IBM (NYSE: IBM) will today host its fifth annual Conference on Energy Efficient Design in Austin. The forum brings industry, government and academic leaders together with IBM researchers and developers from around the world to discuss new approaches to chip and systems design to drive breakthroughs in power management and energy-efficient computing.

Special guest, Andrew Fanara, from the U.S. EPA, is on hand to discuss the ENERGY STAR® Program, intended to help businesses and individuals protect the environment by identifying products with superior energy efficiency and savings. Additional presentations from IBM, Intel, Texas Instruments, Pennsylvania State University and the University of Illinois, Urbana-Champaign, explore innovations in energy efficient, reliable chip and systems design, systems power management, and power management technology for portable devices.

IBM has led the technology industry in energy-smart innovation for over forty years, which has led to radical breakthroughs in mainframe cooling efficiency to the development of the world’s most powerful computer in Blue Gene that delivers the most performance per kilowatt of power consumed. The Austin Conference on Energy Efficient Design was started by IBM’s Austin Research Lab in 2002, to further enable development of technologies and solutions for energy-efficient computing.

Dr. Tom W. Keller, IBM Research lead for system-level power efficiency and management technologies has played an integral role in the conference since its inception: “IBM’s broad expertise in technical research and innovation continues to guide leadership design in processors, systems and management software to help clients better optimize energy consumption in the datacenter. By collaborating with industry thought leaders, IBM continues to drive discussion and development of energy-smart innovations to help businesses reduce the environmental impact of technology operations.”

Dr. Keller and his team at the Austin Research Laboratory have secured 45 patents and patent filings since 2002 in the areas of power/performance optimization and energy-efficient designs for computers.

Environmental Agency Collaborates with IBM to Design Energy Efficient Data Center

As IBM continues to innovate and collaborate on energy-smart computing design, clients of all sizes, in all industries, continue to benefit.

Sustainability Victoria is a state government agency in Australia that provides information and advice to business, government and the community about using resources more efficiently and reducing everyday environmental impacts. The organization practices what it preaches through a comprehensive environment management system which includes constantly reviewing and improving its own environmental performance.

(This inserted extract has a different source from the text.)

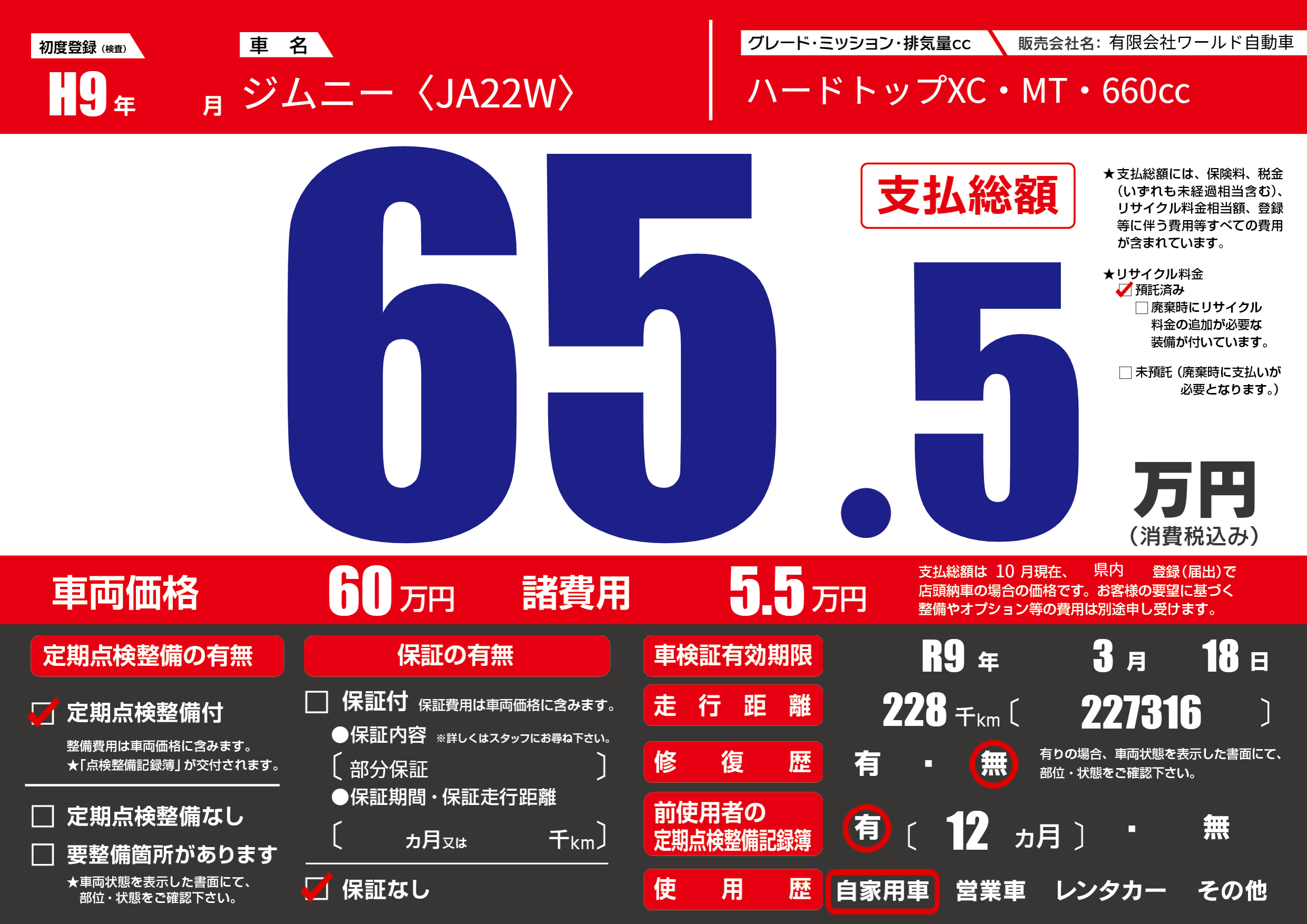 | 車名 | ジムニー〈JA22W〉 | グレード ミッション 排気量 |
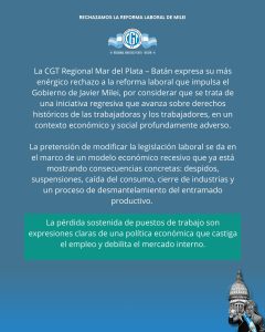 A través de un comunicado, La CGT Regional Mar del Plata-Batán expresó su «más enérgico rechazo a la reforma laboral que impulsa el Gobierno de Javier Milei, por considerar que se trata de una iniciativa regresiva que avanza sobre derechos históricos de las trabajadoras y los trabajadores, en un contexto económico y social profundamente adverso».

The organization recently consolidated its operations from three separate offices to one centralized location in October 2006. The move provided the agency with a chance to create a model office for energy efficient technology usage. For example, it replaced almost all its desktop computers and CRT monitors with laptops and LCD screens, which consume much less power. Sustainability Victoria also opted to use IBM technology in its data center to reduce its energy consumption by more than 50 percent.

“Taking into account computers, printers, faxes, phone systems and servers, IT consumes up to 75 percent of the electricity in the average office. The server room alone accounts for around 60 percent of this,” said Geoff Mabbett, chief executive of Sustainability Victoria. “By reducing the number of servers, using more energy efficient technology and intelligently managing server usage, we expect to reduce our data center power consumption by more than 50 percent.”

Sustainability Victoria collaborated with IBM to deploy IBM BladeCenter servers, designed with up to 90 percent energy efficient power supplies able to reach peak efficiency even under small load; and IBM Calibrated Vector Cooling technology to allow dual paths of air to each component to improve uptime and longevity while also reducing wasteful air movement. Sustainability Victoria also re-evaluated traditional wisdom that all servers need to run 24 hours a day. With IBM PowerExecutive, the organization will have the ability to monitor actual power consumption by its systems and accurately reduce power consumption of non-critical servers at nights and on weekends.